**ACTIVITY:** Please write the listing below out again exactly, leaving every picture behind.
---------- INFORMATION PROVIDED ----------
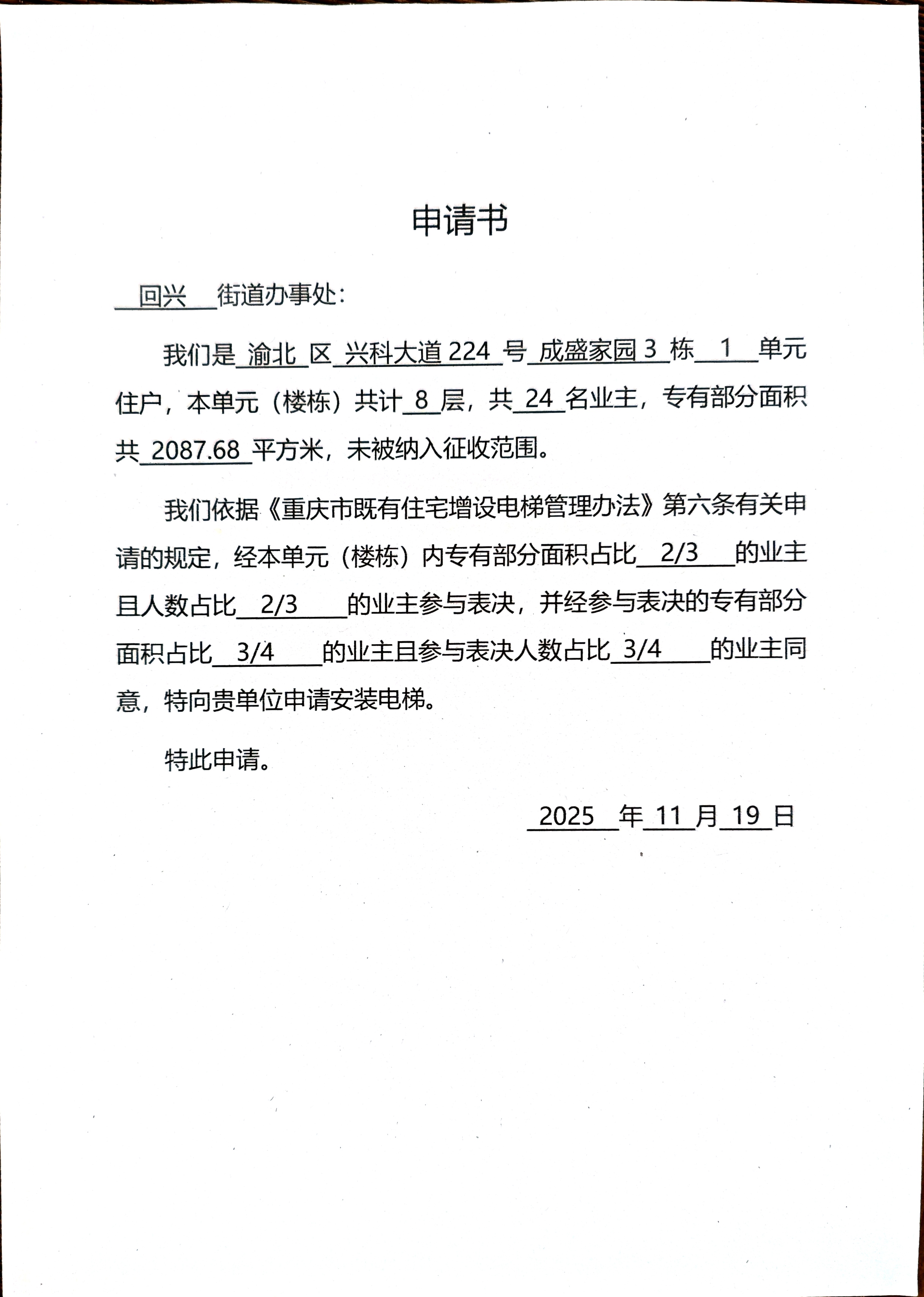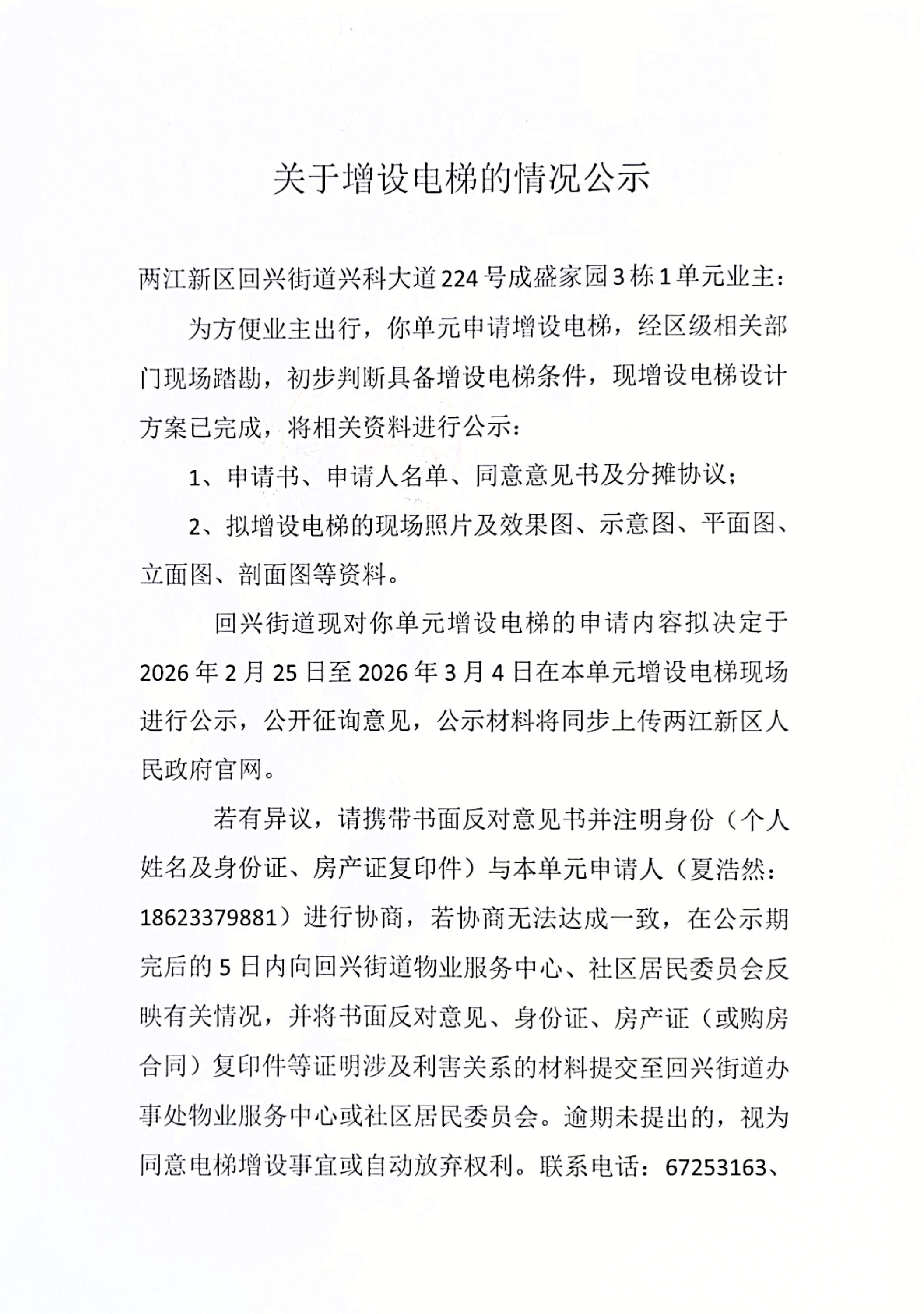 回兴街道兴科大道224号成盛家园3栋1单元增设电梯公示
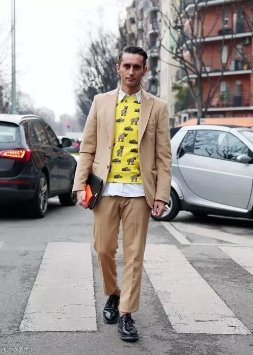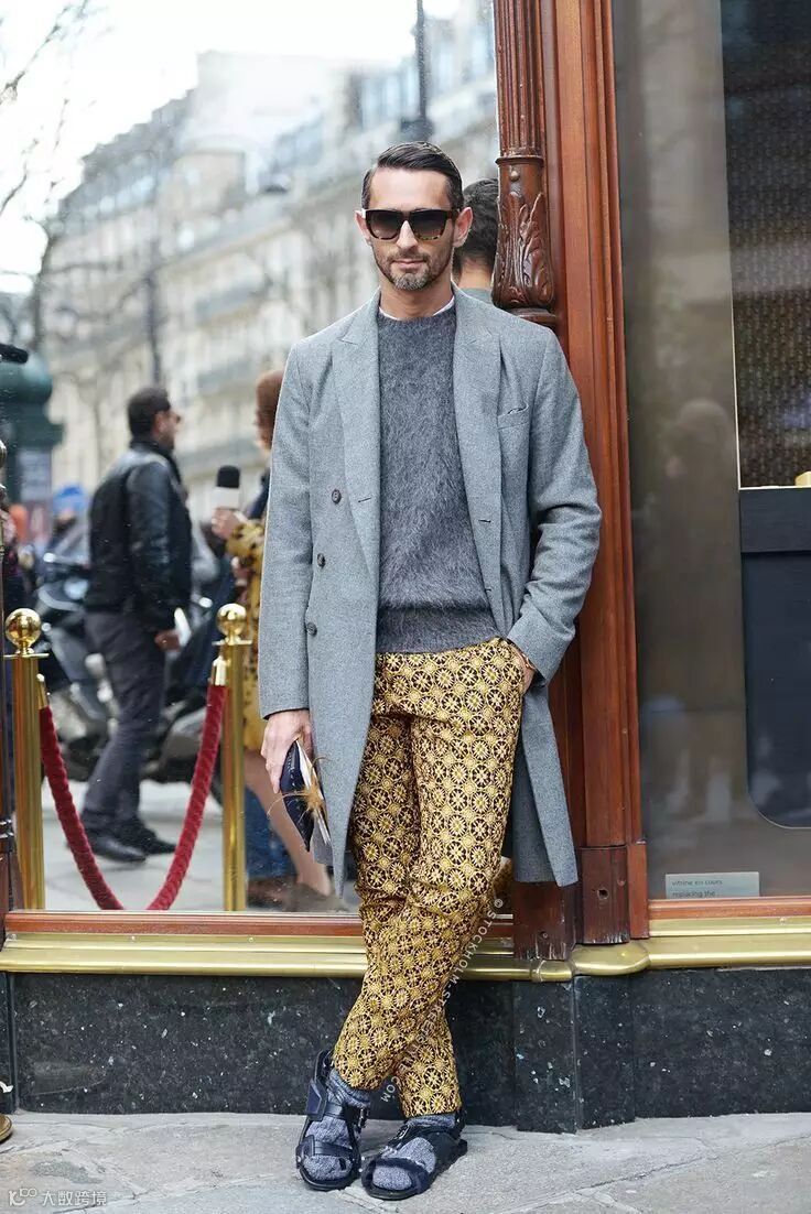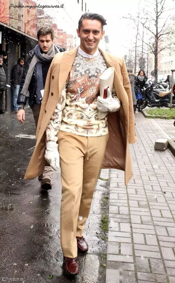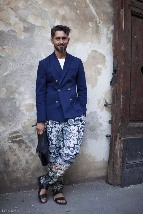 在时尚界能算得上是最会搭配的帅大叔之一,在意大利当时尚编辑,他以大胆的撞色穿搭吸引了众多媒体关注,同时他还非常喜欢印花的单品,尤其他的花裤子也是作为他个人的象征之一,因此粉丝们还封他为“印花之王”。
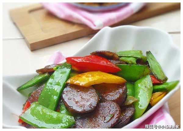 2、炒鍋倒油,炒香蒜和葱,倒放荷蘭豆彩椒大火炒至半熟。
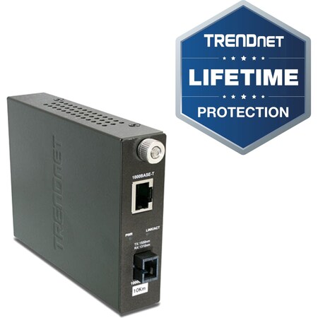 TRENDnet Intelligent 1000Base-T to 1000Base-LX Dual Wavelength Single Mode SC Fiber Media Converter (10km/6.2miles) Fiber to Ethernet Converter, Fiber Port, RJ-45, Lifetime Protection, TFC-1000S10D5
----------
**PROBLEM SOLUTION:**
 回兴街道兴科大道224号成盛家园3栋1单元增设电梯公示
 在时尚界能算得上是最会搭配的帅大叔之一,在意大利当时尚编辑,他以大胆的撞色穿搭吸引了众多媒体关注,同时他还非常喜欢印花的单品,尤其他的花裤子也是作为他个人的象征之一,因此粉丝们还封他为“印花之王”。
 2、炒鍋倒油,炒香蒜和葱,倒放荷蘭豆彩椒大火炒至半熟。
 TRENDnet Intelligent 1000Base-T to 1000Base-LX Dual Wavelength Single Mode SC Fiber Media Converter (10km/6.2miles) Fiber to Ethernet Converter, Fiber Port, RJ-45, Lifetime Protection, TFC-1000S10D5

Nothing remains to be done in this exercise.